Speaker
Description
Understanding structural vibrations is critical for the design of mechanical structures such as airplanes or cars. In the context of vibroacoustic design the dynamical response of the system in the frequency domain is central. Such frequency response functions are usually computed using discretization techniques such as the finite element method. To this end, potentially large linear systems have to be solved at each queried frequency. For tasks like design space exploration, optimization or uncertainty quantification, the system has to be evaluated many times, quickly resulting in a prohibitive computational burden. Neural network surrogate models offer a promising alternative to traditional numerical simulation. These models can be evaluated rapidly but require large datasets for training. Our work focuses on enhancing the data efficiency of deep learning approaches by incorporating physical knowledge into the network architecture.

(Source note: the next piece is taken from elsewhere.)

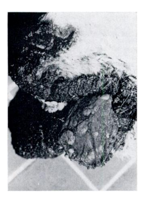
FIGURE 2. Contagious ecthyma in a bighorn sheep. Lesions on the nose, lips and tongue.

(Fig. 3); blackened proliferations could also be found on the dental pad, hard palate and at the base of the molars.

In this work, we consider harmonically excited plates with beadings as a benchmark dynamical system. The beading patterns define a geometry modification which affects the local stiffness of the plate and consequently the frequency response function (FRF). Our network is trained to predict the FRF given a beading pattern.
We propose a physically inspired final network layer. Specifically, our network represents the FRF as a (weighted) sum of rational basis functions derived from the FRF of a single mass oscillator model. This design ensures smooth predictions and allows the network to directly predict the eigenfrequency, height, and damping coefficient per peak. Using these parameters, we define a novel loss function that incorporates their contribution explicitly. During training, we have to account for its special numerical properties.
We compare our physics-constrained architecture to a generic architecture that directly predicts the FRFs trained on the same data. Our method predicts the eigenfrequencies more accurately, especially in the low data regime. However, the generic method achieves a smaller FRF mean squared error in the high data regime. Potential future work includes generalizing our method to predict velocity fields, where generic networks currently outperform. Overall, our approach offers a tradeoff: improved eigenfrequency prediction and physical interpretability at the cost of a more complicated architecture and training process.